Work task: From the material below, please set down exactly the lines starting with the one with "One 2022M Spain" and going on through the one with "The Radiant Ruby", without a single picture.

Exercise material:

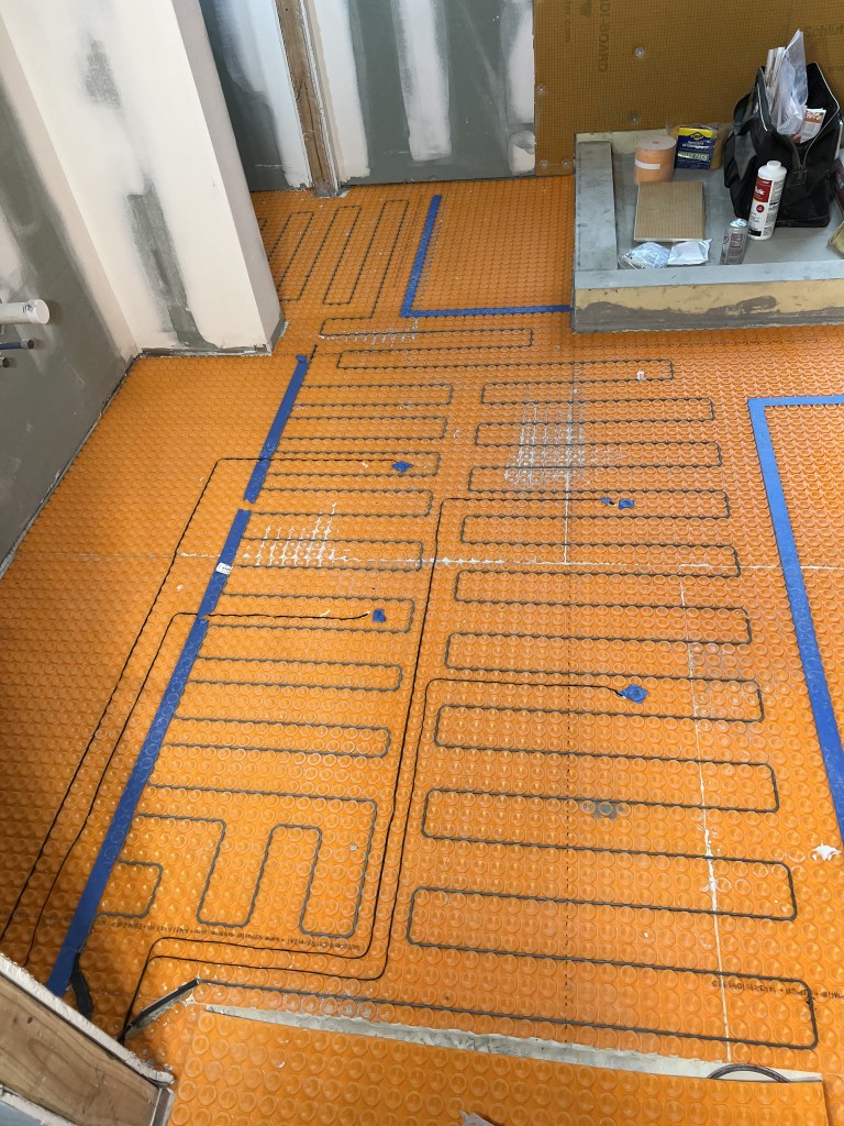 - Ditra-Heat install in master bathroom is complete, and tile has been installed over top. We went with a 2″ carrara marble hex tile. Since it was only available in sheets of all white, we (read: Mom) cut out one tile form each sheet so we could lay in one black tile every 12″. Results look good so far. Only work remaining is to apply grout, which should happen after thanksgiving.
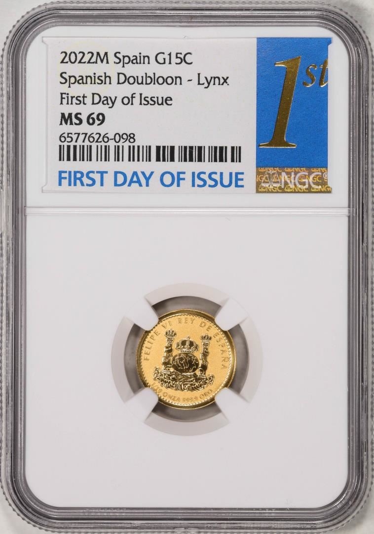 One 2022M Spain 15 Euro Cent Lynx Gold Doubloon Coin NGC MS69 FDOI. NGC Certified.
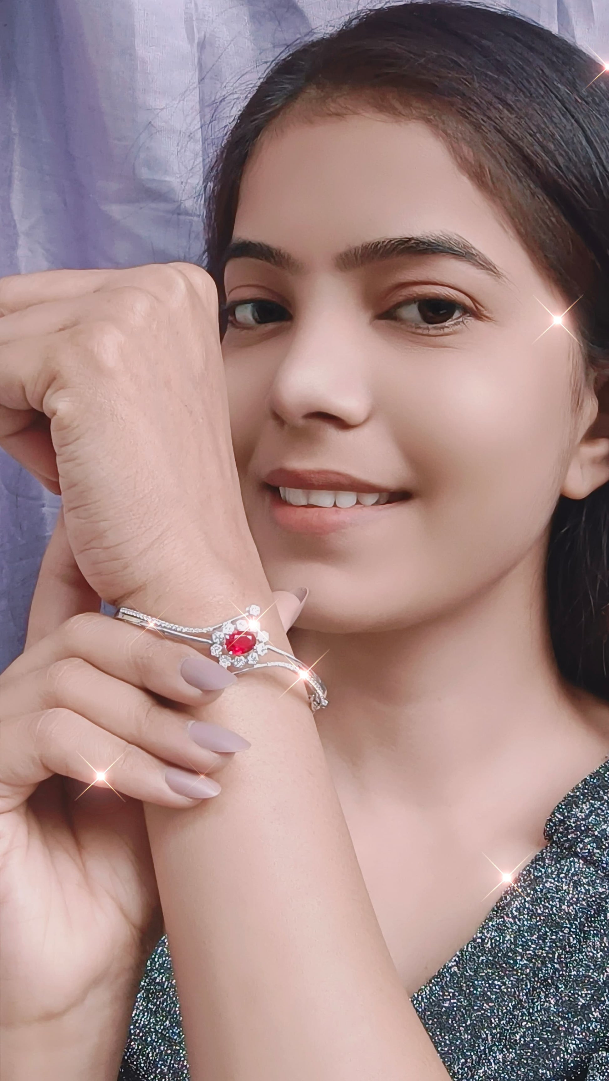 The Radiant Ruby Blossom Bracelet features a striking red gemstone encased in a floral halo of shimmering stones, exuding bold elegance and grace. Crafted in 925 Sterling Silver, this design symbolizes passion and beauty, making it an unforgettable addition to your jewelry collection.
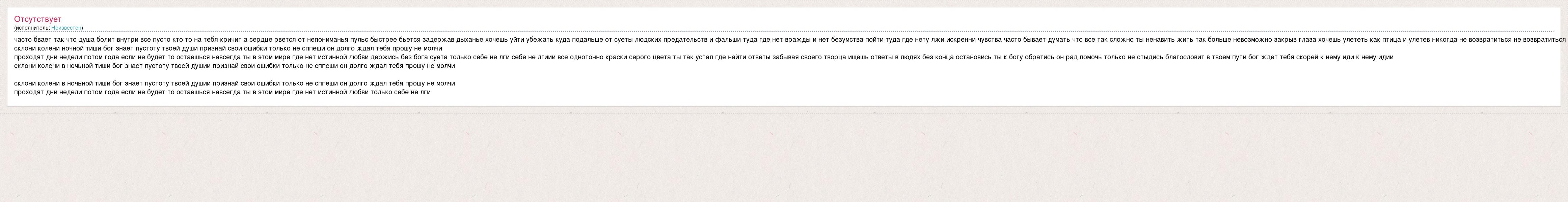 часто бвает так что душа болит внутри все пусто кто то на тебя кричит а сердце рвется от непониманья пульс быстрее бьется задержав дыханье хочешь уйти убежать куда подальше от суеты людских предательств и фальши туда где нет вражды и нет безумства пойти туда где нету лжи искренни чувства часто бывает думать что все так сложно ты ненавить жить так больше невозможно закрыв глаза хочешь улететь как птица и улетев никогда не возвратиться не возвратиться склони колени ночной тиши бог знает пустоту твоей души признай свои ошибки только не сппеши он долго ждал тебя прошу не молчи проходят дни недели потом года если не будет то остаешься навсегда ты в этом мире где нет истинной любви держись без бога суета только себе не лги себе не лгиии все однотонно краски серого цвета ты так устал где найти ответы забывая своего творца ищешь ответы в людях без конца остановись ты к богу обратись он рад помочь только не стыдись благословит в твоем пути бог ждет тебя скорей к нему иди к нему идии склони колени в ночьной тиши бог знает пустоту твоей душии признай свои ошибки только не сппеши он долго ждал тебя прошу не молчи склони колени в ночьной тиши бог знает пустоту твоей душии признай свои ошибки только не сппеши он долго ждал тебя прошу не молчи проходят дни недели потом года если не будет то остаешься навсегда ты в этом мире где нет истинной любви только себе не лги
--
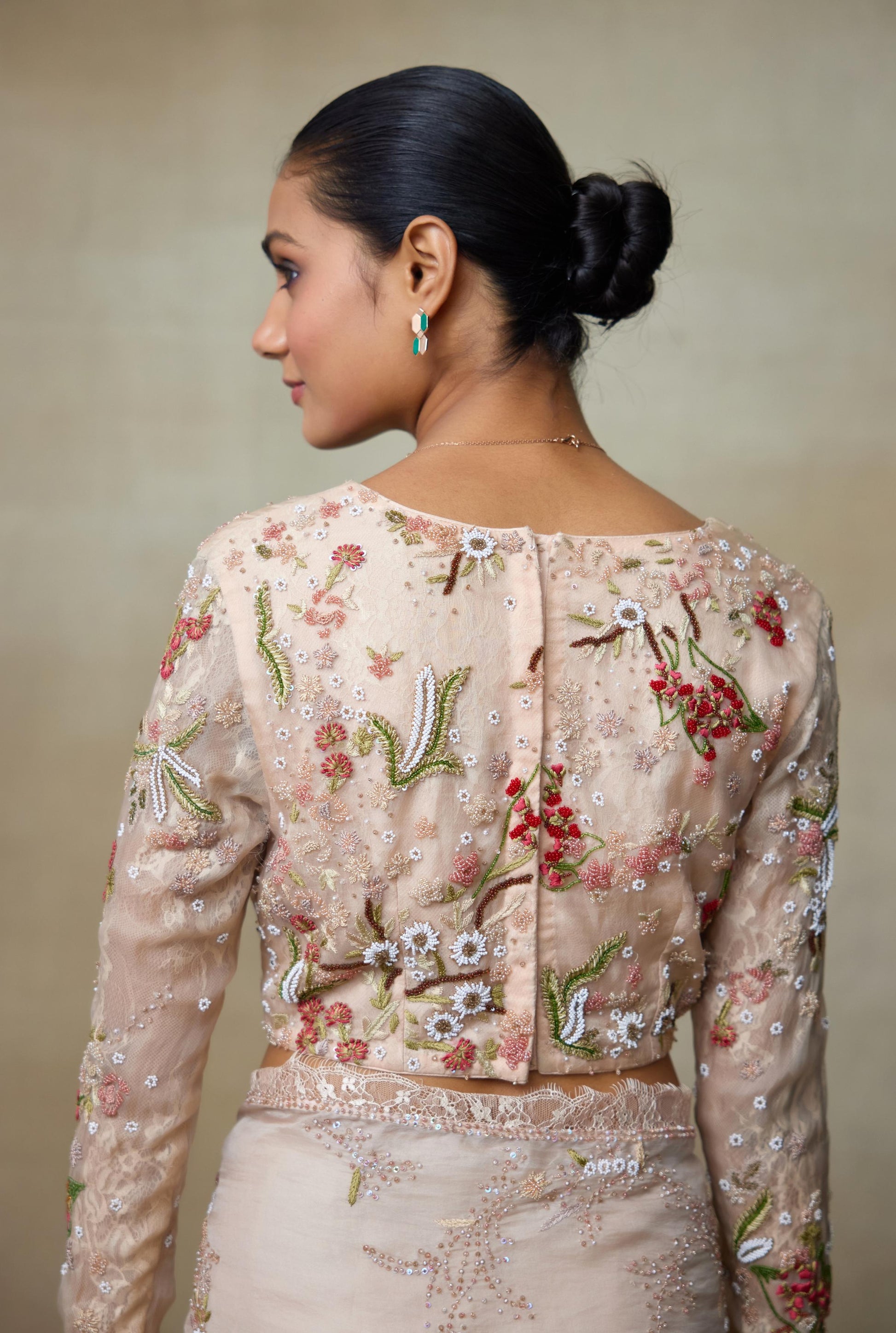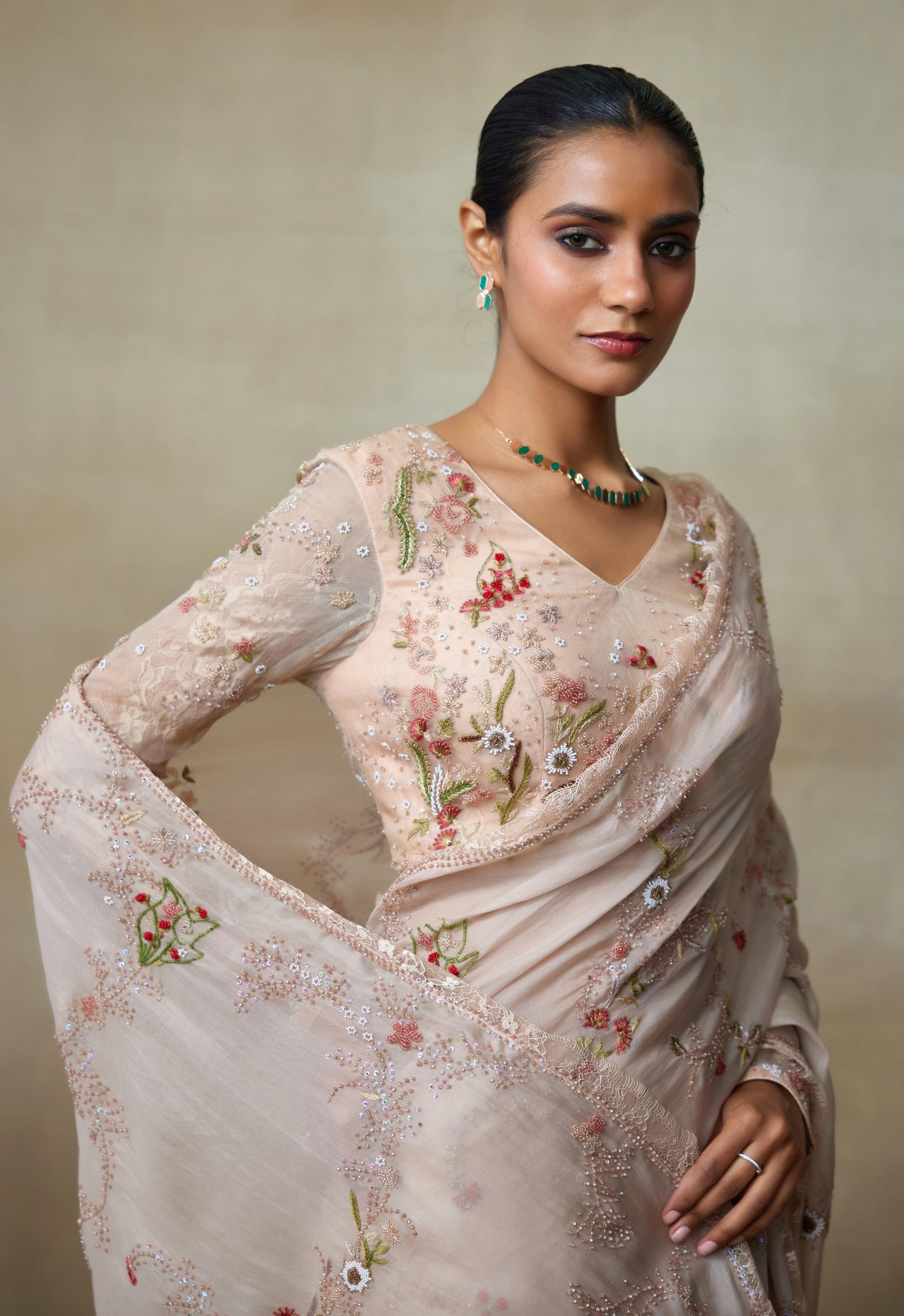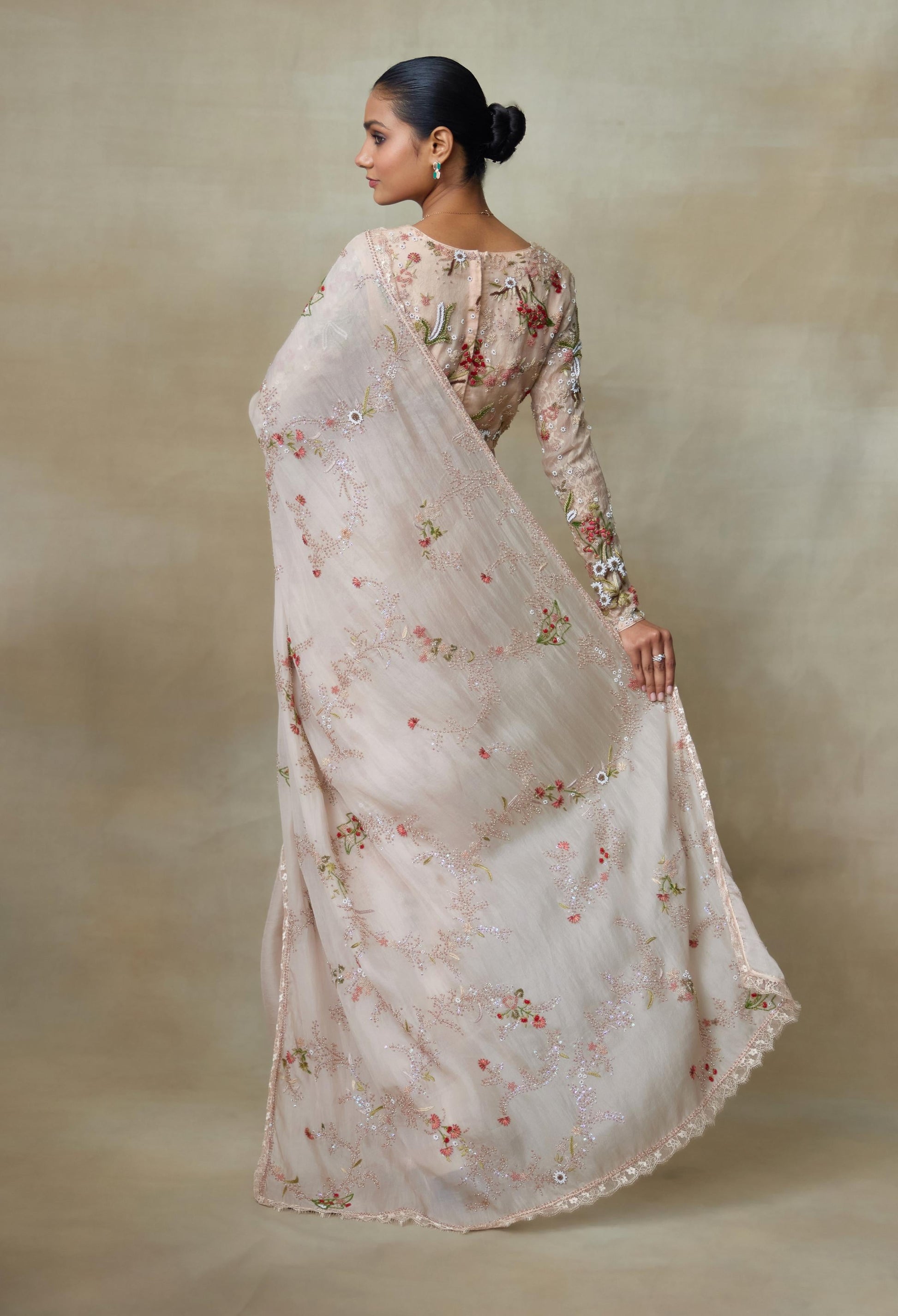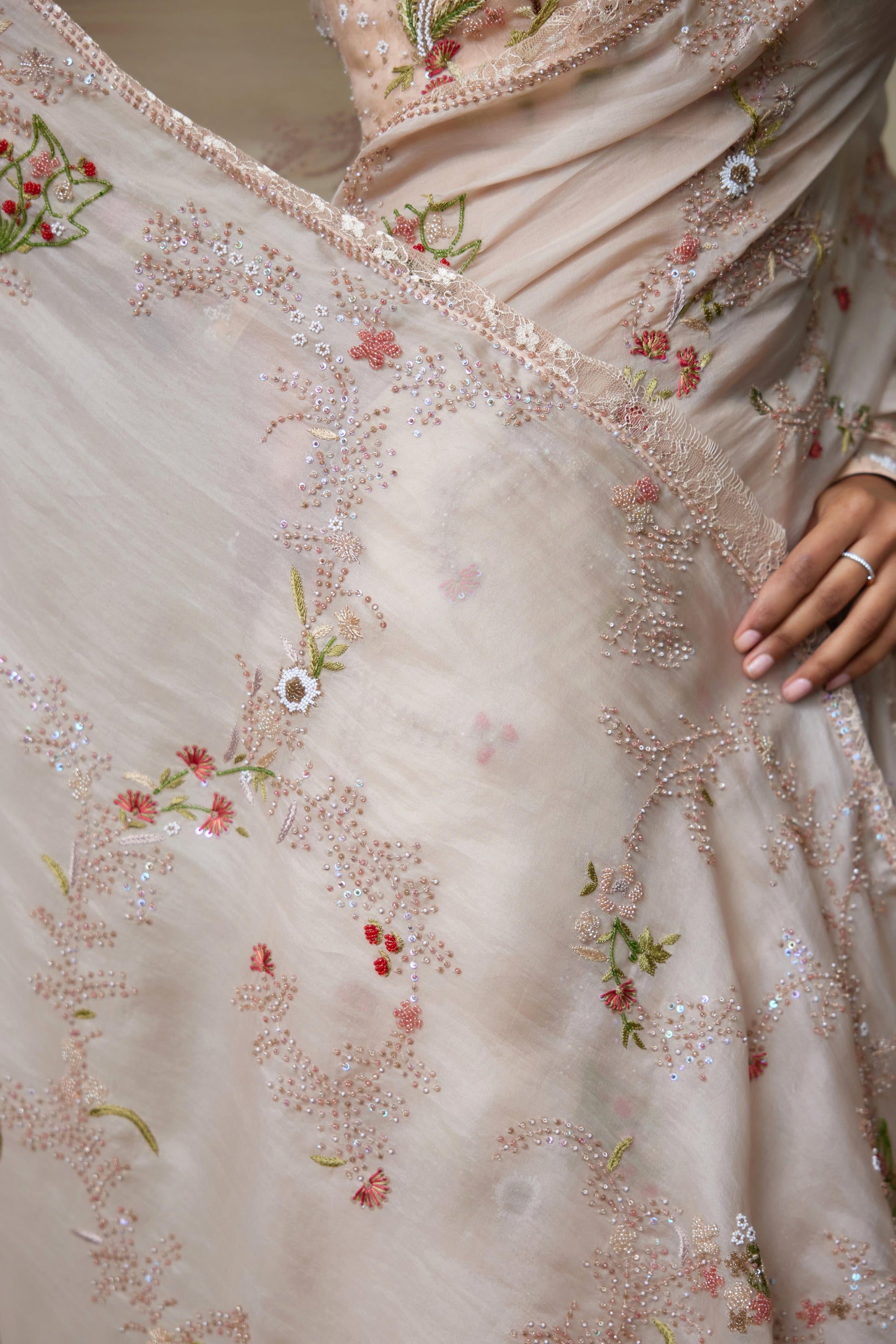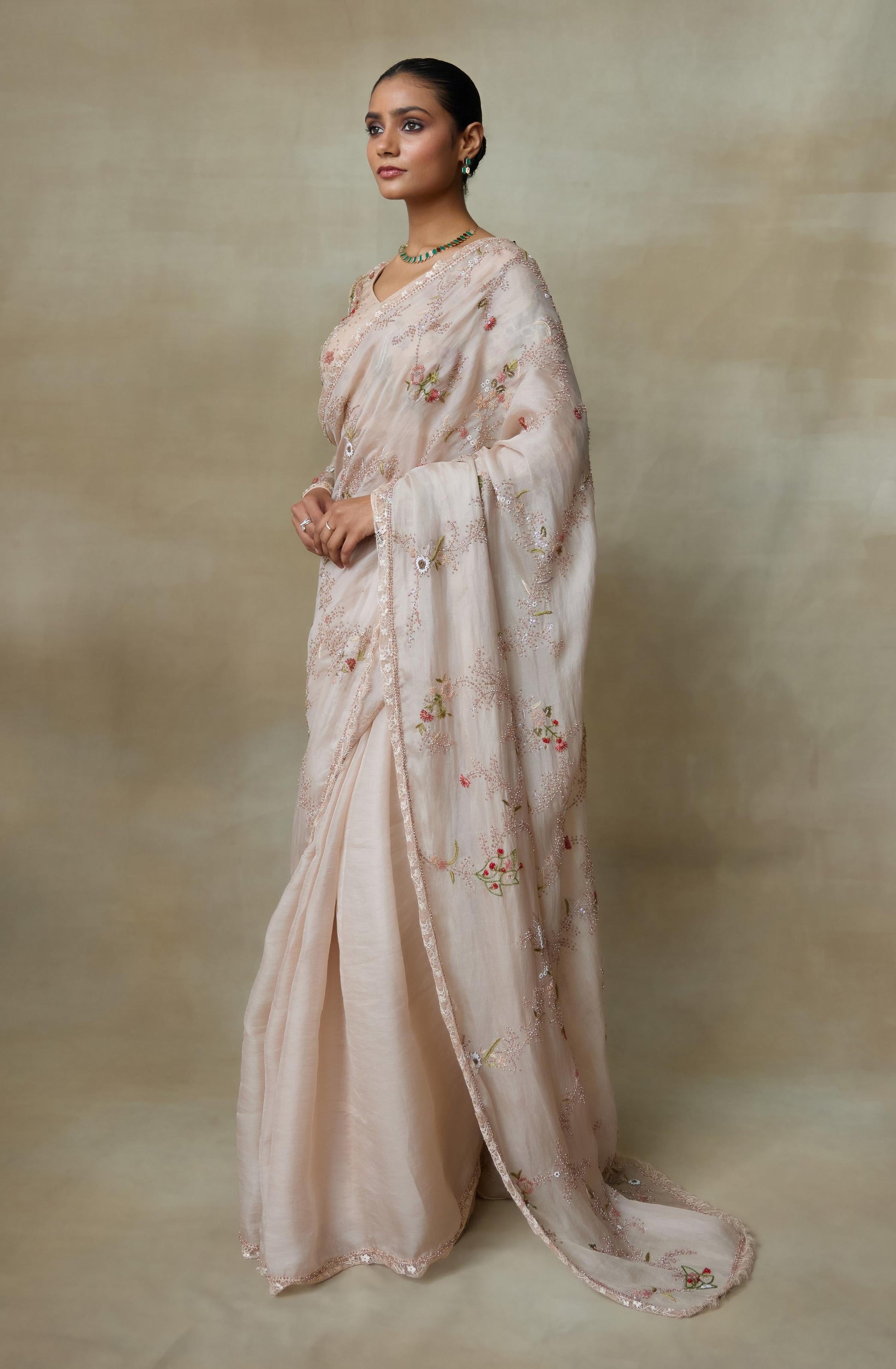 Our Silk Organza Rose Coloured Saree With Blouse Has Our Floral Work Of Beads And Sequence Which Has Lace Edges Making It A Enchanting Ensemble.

Answer space:
 One 2022M Spain 15 Euro Cent Lynx Gold Doubloon Coin NGC MS69 FDOI. NGC Certified.
 The Radiant Ruby Blossom Bracelet features a striking red gemstone encased in a floral halo of shimmering stones, exuding bold elegance and grace. Crafted in 925 Sterling Silver, this design symbolizes passion and beauty, making it an unforgettable addition to your jewelry collection.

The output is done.